I have long thought the imagination an important and central site of our politics. We can harken back to the “new world is possible” slogan of 1960s radicals, but the point goes deeper than this. In a time when politics have become completely aestheticized, our imaginations are clearly targeted by forces hoping to manipulate them into a state of manufacture dissent and fracture. Think of a prison yard. Well, first of all, resist the urge to imagine this as portrayed in fetishized form by Hollywood. But even there, even in most of the most farcical productions, the racial segregation of the institution is portrayed with some degree of accuracy (there are a few exceptions of course that do a better job at representing reality, Shot Caller is likely the best example here or Blood In, Blood Out). It is a disciplinary practice by the institution to encourage this racial segregation, for this grouping allows for easier control overall. The more engaged people control themselves, the easier it is for the institution to run.

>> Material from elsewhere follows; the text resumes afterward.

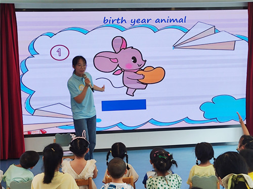 生肖是中国传统文化中的重要组成部分。本期绿巨人口语秀,老师用英语演绎中国传统优秀文化,带领小朋友们一起共读绘本《What’s your birth year animal》(十二生肖)。活动开始,老师邀请小朋友一起跳了一段可爱的动物舞蹈。伴随着轻松愉快的音乐,小朋友们扭动着自己的身体,模仿着视频中小动物的形态,化身成一只只可爱的兔子、活泼的猴子、憨态可掬的小狗、温顺的小绵羊等动物,舞蹈活跃了课堂的气氛,消除了小朋友的紧张情绪。接着,老师展示了生肖动物的图片和视频,引出本期绘本的主角——十二生肖。在游戏互动中,老师和小朋友玩起了生肖捉迷藏的小游戏,老师将生肖图片按照一定顺序摆放,然后抽出其中一张或几张图片,小朋友们抢答哪些生肖消失了。最受欢迎的游戏是“大家快来猜”,老师用阴影掩住了生肖动物身体的大部分,通过短语和单词描述动物的特征,小朋友一起猜是什么动物。在游戏中,孩子们不知不觉地掌握了rooster(鸡)、dog(狗)、 monkey(猴)、horse(马)、 rat(鼠)、pig(猪)等绘本中出现的核心单词。在绘本阅读中,老师用丰富的肢体动作模仿各种生肖动物的性格特点,小朋友被逗得哈哈大笑。在亲子手工环节,小朋友认真地用彩笔给自己的生肖涂颜色,不一会儿,大家就出色地完成了自己的作品。在老师的鼓励下,小朋友拿着自己的作品上台展示,并用 “My birth year animal is... I am ...years old.”的句型介绍自己的生肖和年龄。现场气氛欢快温馨。

This practice goes back at least as far as the U.S. Army empowering Nazi officers to discipline the ranks of POWs under American control, for the more they were internally disciplined, the less arduous or dangerous the situation was for American guards to manage (incidentally, this is also the origin of the Bush administration’s favored ‘disarmed enemy combatant’ categorization to evade Geneva convention prohibitions on torture). Even further back, think of the dirty deal offered to impoverished whites to become overseers, or mediating authorities between wealthy gentry and enslaved black folks. The same thing occurs writ large in the U.S. prison industrial complex today. KRS-One is absolutely correct and puts it in starker terms than nearly any abolitionist scholar thus far, when he alliterates “overseer, overseer, over-see-er, off-i-cer, officer” and demonstrates many of the continuities between these positions of power. Though this dynamic obviously manifests and operates differently at different facilities, the racial split amongst the incarcerated population is consistent across the board. Why? Is it that incarcerated people are simply more racist than the outside population? Of course not. It is because the more they battle each other, the less they can even hope to battle the actual, mutual enemy of the carceral authority.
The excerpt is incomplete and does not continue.